# DATASET RECORDS
══════════════════════════════

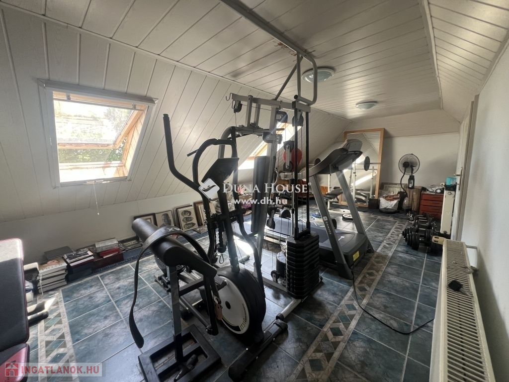 Wellness részleg a tetőtérben: szauna, edzőterem, szolárium és tároló
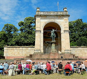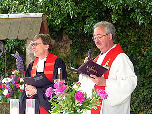 In einer Zeit, in der auch die großen Kirchen zu einer Minderheit in unserer Gesellschaft werden, erscheint es umso wichtiger, den christlichen Glauben lebendig und fantasievoll unter die Menschen zu bringen. Das fängt bei Gesprächen und Begegnungen an. Aus diesem Grund gibt es in unserer Gemeinde einmal im Monat ein Kirchencafé, das bei schönem Wetter auf dem Kirchenvorplatz stattfindet. Wir erleben, dass vorbeikommende Menschen stehen bleiben und bei einer Tasse Kaffee Kontakt aufnehmen. Auch erscheint es uns wichtig, Gottesdienste an anderen Orten zu feiern und so Menschen zu erreichen. Das Bild zeigt "Kirche im Grünen" am Friedensdenkmal Edenkoben, veranstaltet von unserer Kooperationszone. Unsere Gemeinde bietet daneben einen ökumenischen Gottesdienst am Schloßweiher/Kirrweiler, einen Waldgottesdienst an der Totenkopfhütte und einen Gottesdienst mit Jazz-Musik im Innenhof der Vinothek Weinkammer in Maikammer an.
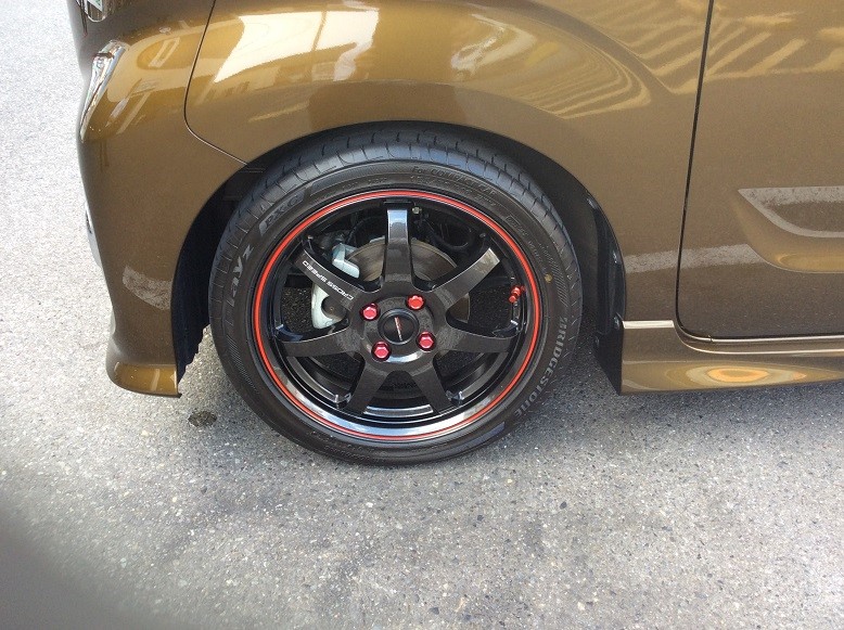 16インチがしっくりハマっております、赤のラインがアクセントになりバシッっと
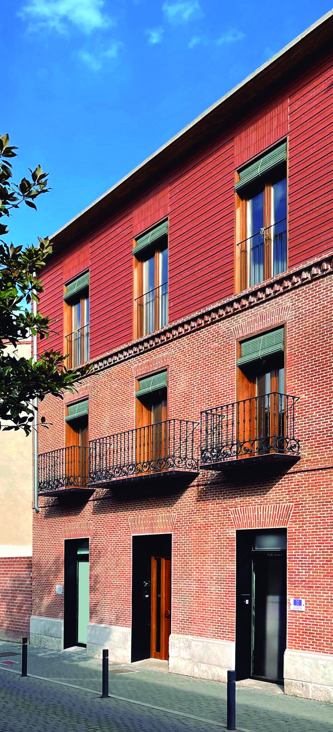Se ha utilizado ladrillo macizo colocado a tizón y a hueso, característico de la zona en la que se ubica el edificio. El ladrillo se incorpora en el interior del portal, creando una transición al interior de las viviendas, esta vez colocado a panderete y junta corrida. Se proyectan recercados de acero en la planta baja de fachada principal y recercados de madera maciza de iroko en las plantas siguientes, procurando regularizar los huecos de la fachada existente. Estos materiales se trasladan a las fachadas a patio, tanto en carpinterías como en los recercados, creando una relación entre ambos alzados.
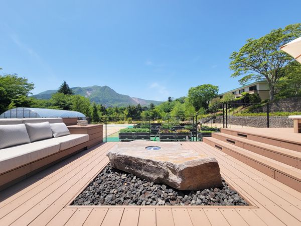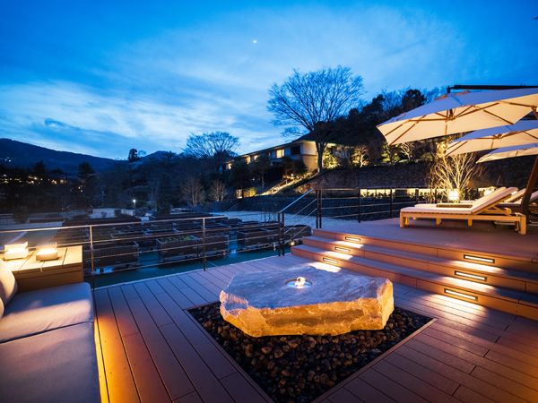 早雲山・小涌谷を臨む「フォレストテラス」。夜には炎が灯り癒やし空間に
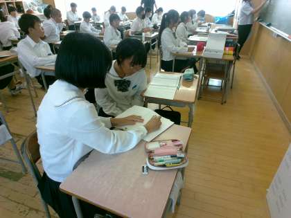 2年3組は数学(写真左)の授業中。自ずと、話合いが成立している。自分の考えを伝え、それについてのコメントを返す。会話ではなく、対話が学び合いの根本。とてもよい光景。
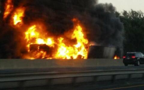 The crash occurred sometime around 8 p.m. on the outer roadway when two trucks collided causing one of the trucks to explode.
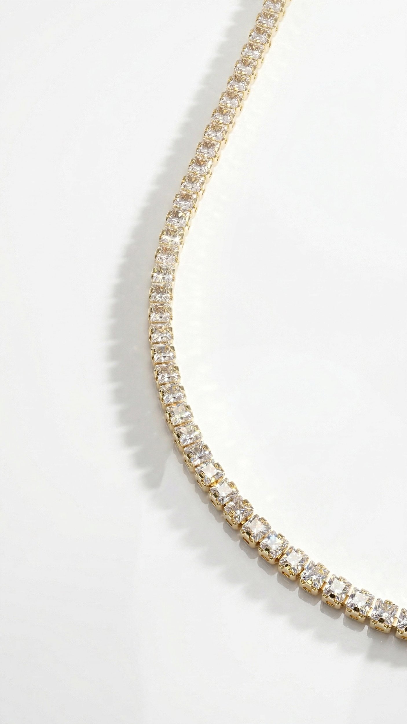 Colar Riviera 2 pontas 3mm Quadrada Zircônia Cristal Dourada
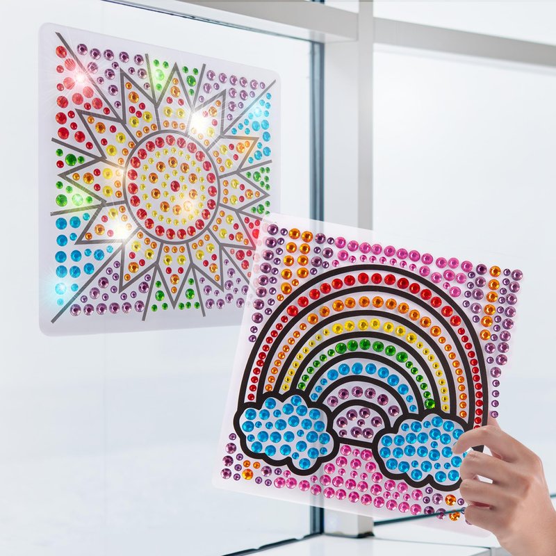 - CREATIVITY FOR TWO: Made for sharing, this kit has enough supplies to create 2 dazzling suncatchers. It includes 2 sticky plastic sheets, bags of colored gemstones, 2 stylus tools, 2 small trays, 2 squares of sticky wax, and double-sided tape for hanging.
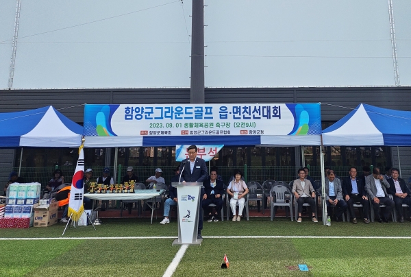 [금요저널] 함양군은 9월 4일 생활체육공원 축구장에서 11개 읍·면 선수 및 임원 등이 참여한 가운데 ‘2023년 노인그라운드골프 읍면친선대회’를 개최했다.
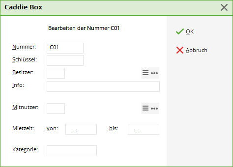 Activez le champ que vous souhaitez modifier (dans notre exemple : „Caddie-Box“) et confirmez avec OK ou la touche Enter, la fenêtre suivante apparaît.
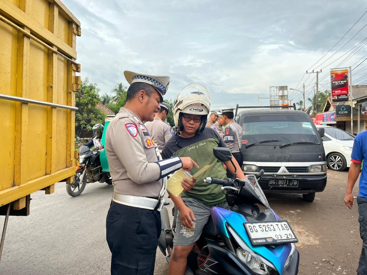 Tak hanya itu, personel turut melakukan penyampaian pesan keselamatan melalui papan bicara, serta memberikan edukasi langsung kepada para pengendara sepeda motor. Edukasi ini mencakup imbauan penggunaan helm SNI, larangan menggunakan ponsel saat berkendara, hingga penegasan pentingnya mematuhi batas kecepatan demi mencegah kecelakaan.
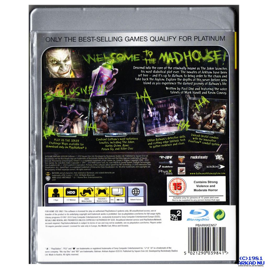 BATMAN ARKHAM ASYLUM PS3 - BLES-00503 PLATINUM
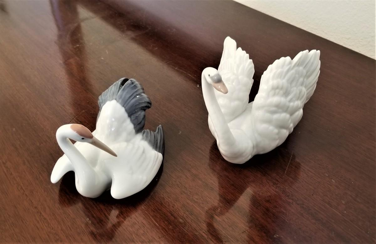 Two LLADRO figurines - no boxes - Swan is 4.5" long, Heron is 4" long. Both in good condition.
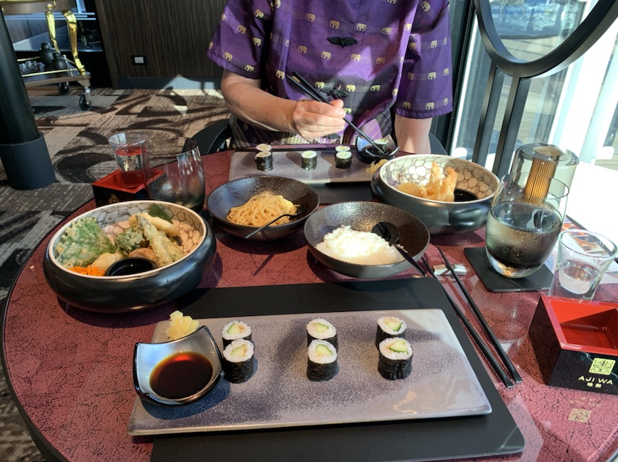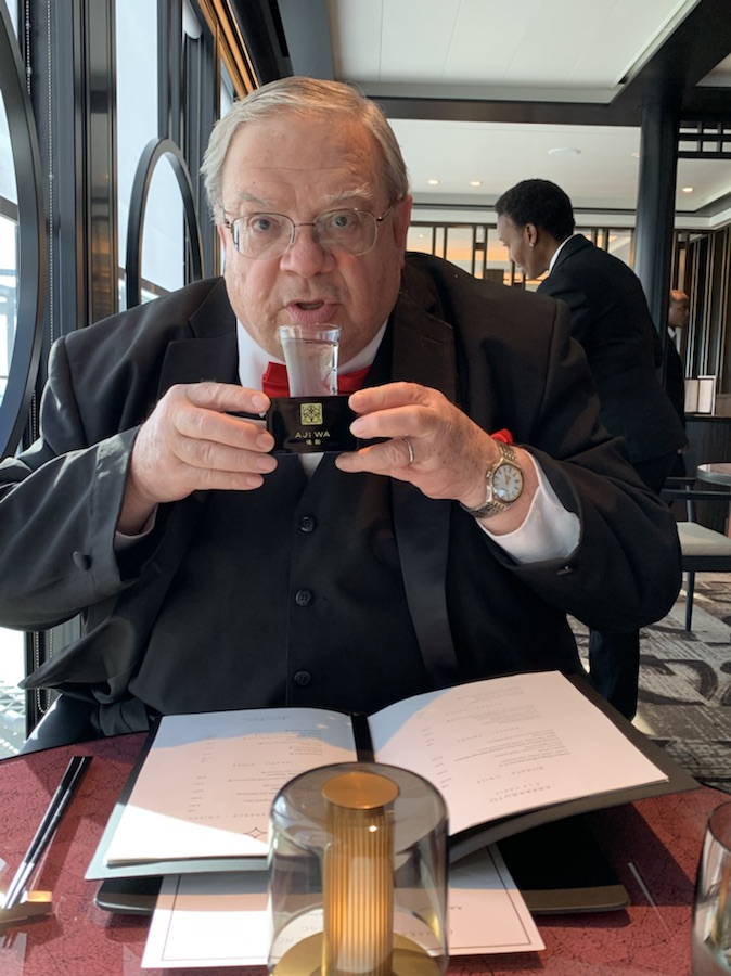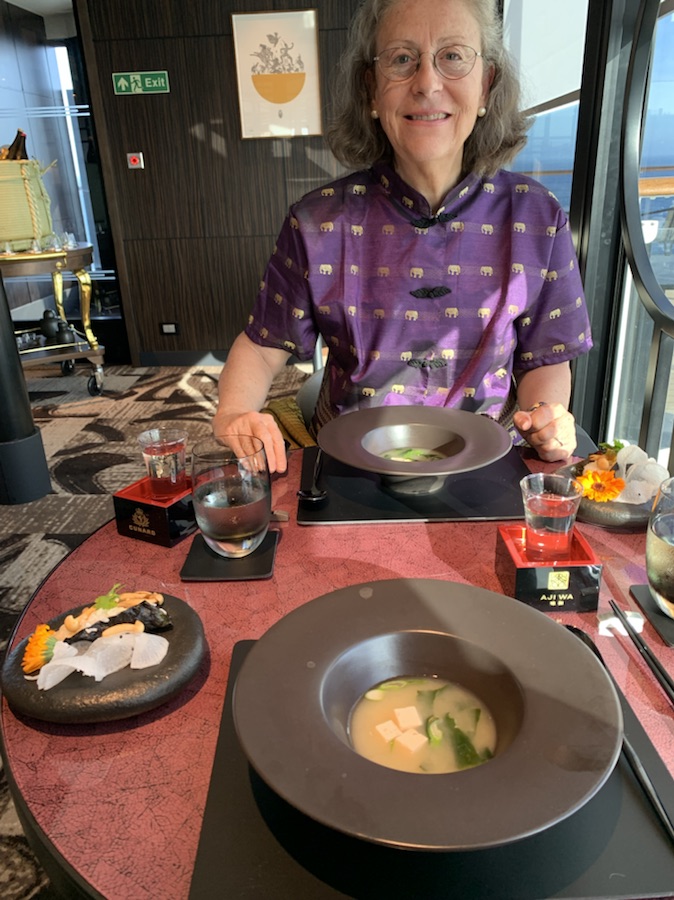 In the afternoon, Anne went to the gym and I wandered up and down the decks, looking for the viewing point of the bridge on each of the top 6 decks. This mission ended in failure and I believe it does not exist, but other interesting places that we had not explored before on the ship were found. This included hitting a few golf balls into a net and putting on the 6 hole putting green. We had made reservations to have dinner (thanks to an invitation from our travel agent – Howard) at the Japanese Restaurant – Ají Wa on the 10th Deck A. We had a delicious dinner of Sushi, Miso soup, Tempura, Green Tea Roll cake and Matcha Green Tea. Ekatarina (Katia) our friend the sommelier, gave us a personal education about the 40 types of Saki that are carried on board the ship. We learned a great deal, including the fact that Cunard owns and produces its own rice fields and brewery in Japan. We had to taste the Gold Cunard Saki, which was delicious, smooth texture and really superb. The polite way of serving it is to put the glass into a small rice measuring lacquer box and pour the sake into the glass so it overflows and goes into the box. A sign of generosity, by giving you more than you asked for. After holding the box in both hands and sipping the glass until it was 1/2 empty, one removes the glass and then also consumes the rest that has fallen into the lacquer box. Some Sake types are to be served cold, others warm, and a third type in between. Many people still think that it should be drunk warm, but there is also a vestige of the era when the poorer quality was served warm to help disguise the poor quality. With the Macha Green Tea, we also enjoyed a special aged and fruity flavored Sake that is under the only foreign (English) Sake Master, Philip ???, in Japan, who has won Gold medals for his Sake.
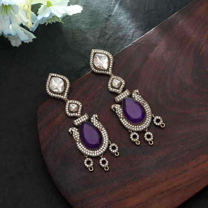 | Product Description | Earring Length: 7.50 Cm X Width: 2.10 Cm | Metal: Brass With Good Quality Apala Polish // Mehandi Gold Plated | Color: Purple | Stone: American Diamond & Monalisa Stone | Gross Weight: 29.00 Grams | Package Content: 1 Pair Of Earrings | Back Finding: Post With Friction Back X Earring Style: Dangle |
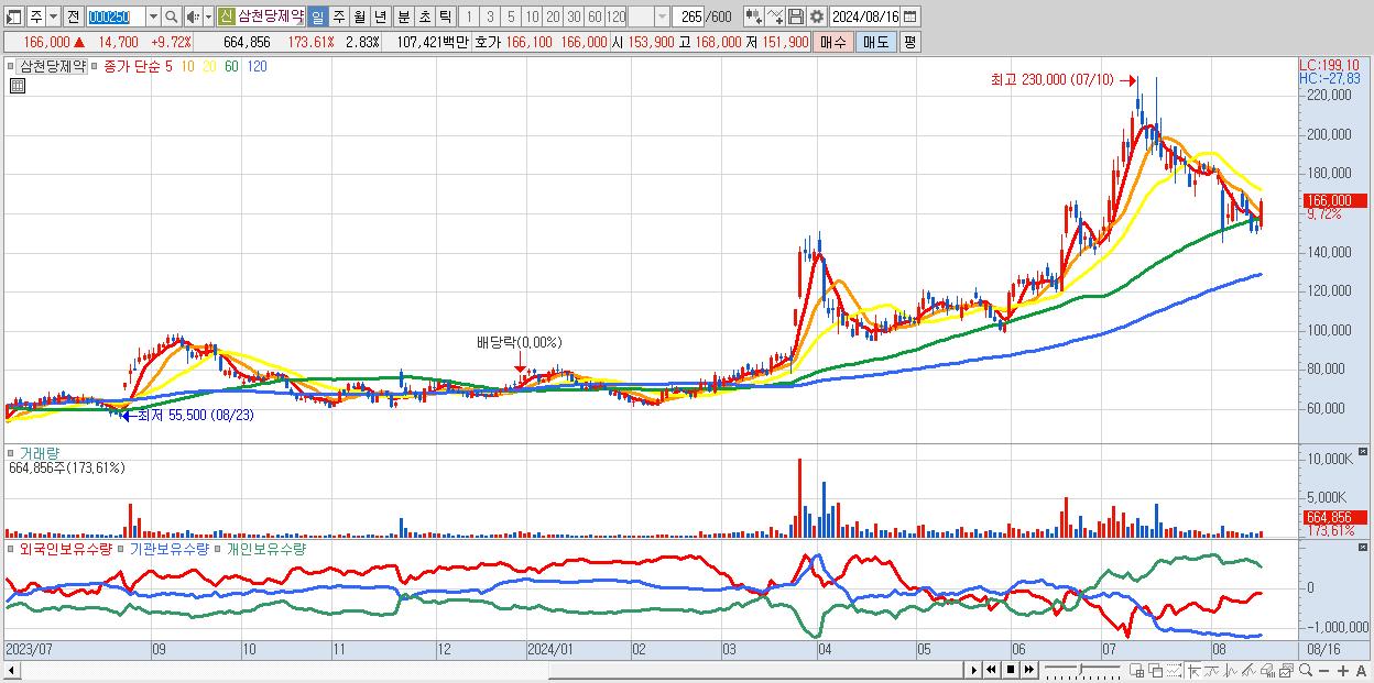 - 삼천당제약 (166,000원 ▲ 9.72% , 시총: 38,939억, 외국인 순매수 거래금:121억)
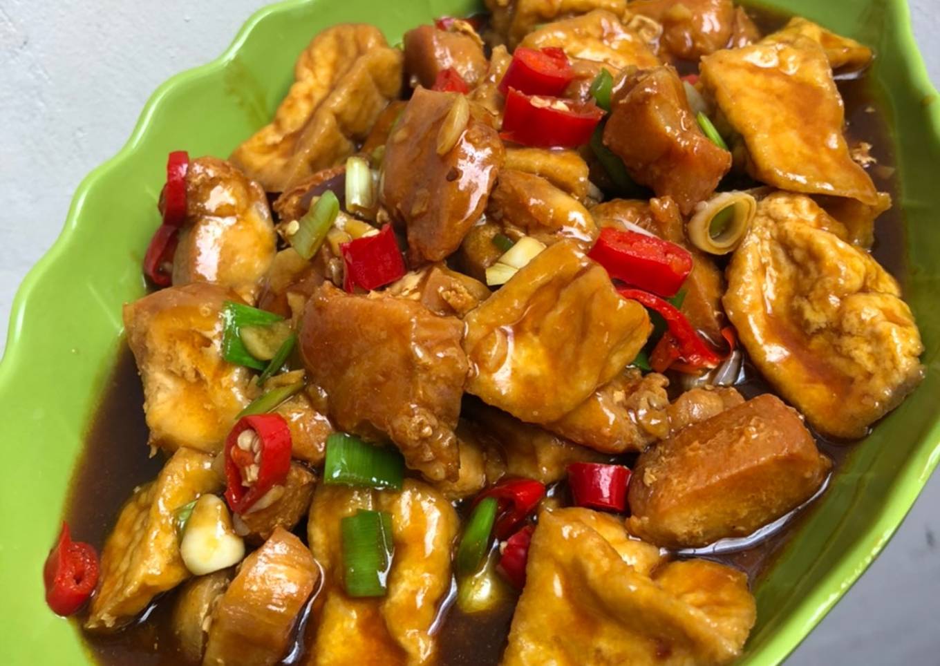 - Tumis bumbu cincang hingga kecoklatan,masukan saus tiram,kecap,air maizena kemudian masukan ayam & tahu yg sdh digoreng
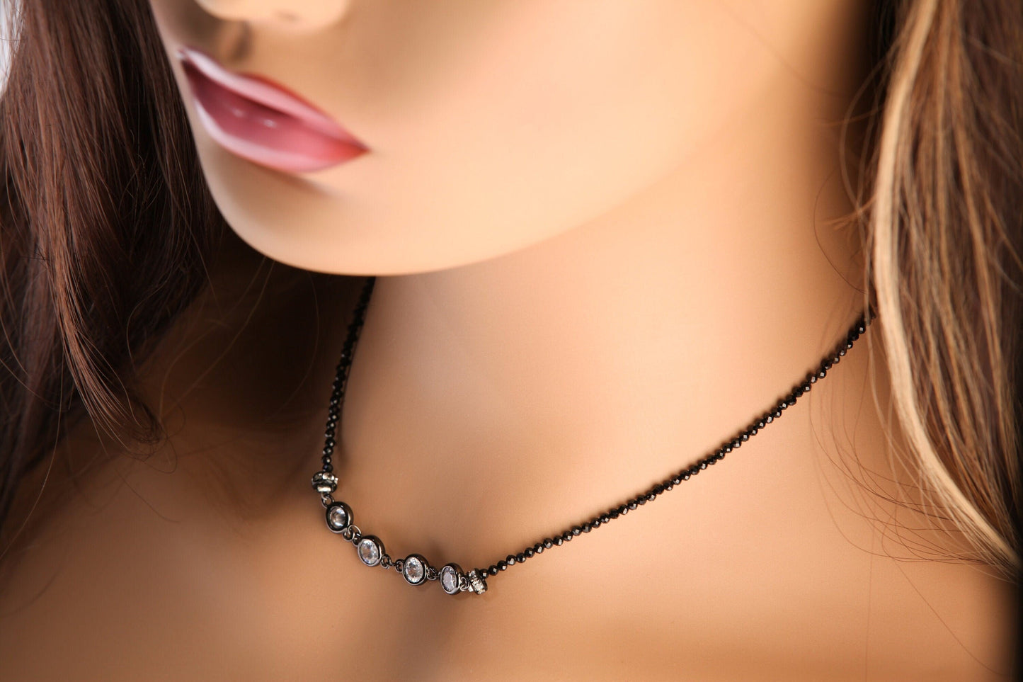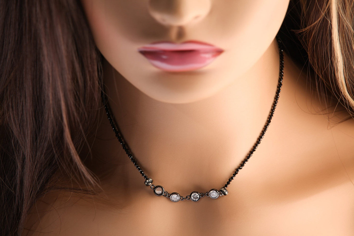 Black Spinel Diamond Cut Choker Necklace with 6.5mm Cubic Zirconia Disk and Rhinestone Spacers Necklace,
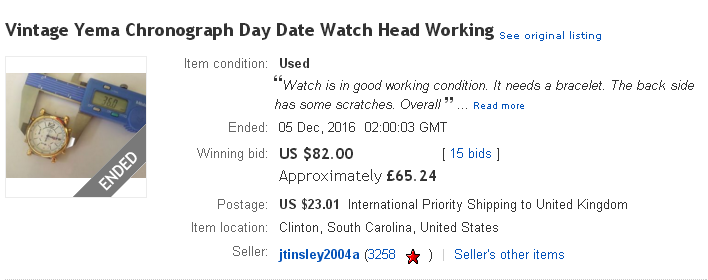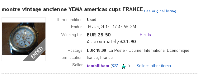 That French eBay listing, by seller tombilibom, for the Yema N71Z396 Americas Cup 'spares or repairs' watch ended earlier this evening, selling for 25.50 Euros after 8 bids. http://www.ebay.co.uk/itm/222360914450
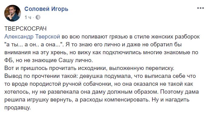 "Девушка подумала, что выписала себе что то вроде породистой ручной собачонки, но она оказался не такой как хотелось, ну не развлекала она даму должным образом. Поэтому дама решила игрушку вернуть, а расходы компенсировать. Ну и нагадить продавцу", – написал Соловей.
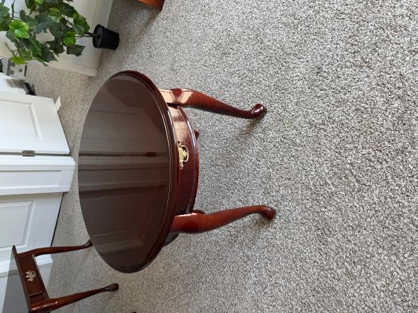 Beautiful solid wood side tables. Has a rich, dark finish. Each table has a drawer with a decorative brass pull. This set includes one square, one rectangular, and one round table. All have classic cabriole legs. Selling each for $50
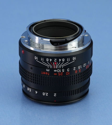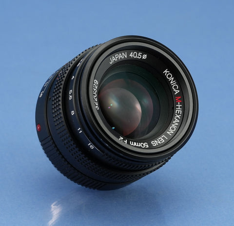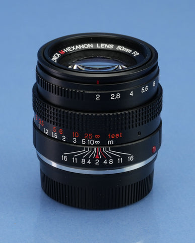 KONICA HEXAR RF BLACK RANGEFINDER CAMERA OUTFIT +50MM F2 LENS +BOX +FLASH +BOX!
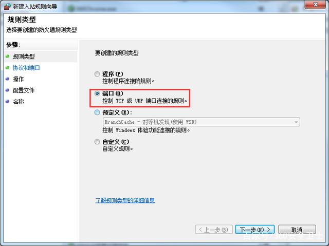 c.規(guī)則類型點(diǎn)擊端口,選擇下一步
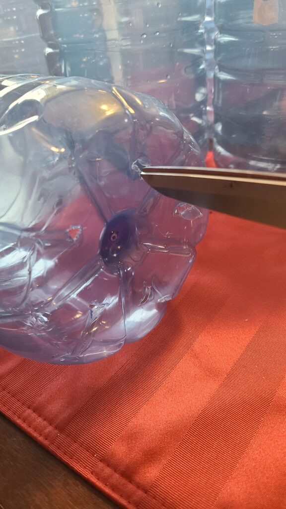 To properly close the container, use duct tape and make ventilation holes only on the top. These holes should allow rain and snow to enter. If you are using jugs or pop bottles, you don’t need to make any additional holes. Simply remove the caps and leave them off your bottles, allowing rain and snow to enter.

══════════════════════════════

The answer is those lines of the material above that run from the one containing "Colar Riviera 2" up to and including the one containing "Two LLADRO figurines", restated exactly and without images.

 Colar Riviera 2 pontas 3mm Quadrada Zircônia Cristal Dourada
 - CREATIVITY FOR TWO: Made for sharing, this kit has enough supplies to create 2 dazzling suncatchers. It includes 2 sticky plastic sheets, bags of colored gemstones, 2 stylus tools, 2 small trays, 2 squares of sticky wax, and double-sided tape for hanging.
 [금요저널] 함양군은 9월 4일 생활체육공원 축구장에서 11개 읍·면 선수 및 임원 등이 참여한 가운데 ‘2023년 노인그라운드골프 읍면친선대회’를 개최했다.
 Activez le champ que vous souhaitez modifier (dans notre exemple : „Caddie-Box“) et confirmez avec OK ou la touche Enter, la fenêtre suivante apparaît.
 Tak hanya itu, personel turut melakukan penyampaian pesan keselamatan melalui papan bicara, serta memberikan edukasi langsung kepada para pengendara sepeda motor. Edukasi ini mencakup imbauan penggunaan helm SNI, larangan menggunakan ponsel saat berkendara, hingga penegasan pentingnya mematuhi batas kecepatan demi mencegah kecelakaan.
 BATMAN ARKHAM ASYLUM PS3 - BLES-00503 PLATINUM
 Two LLADRO figurines - no boxes - Swan is 4.5" long, Heron is 4" long. Both in good condition.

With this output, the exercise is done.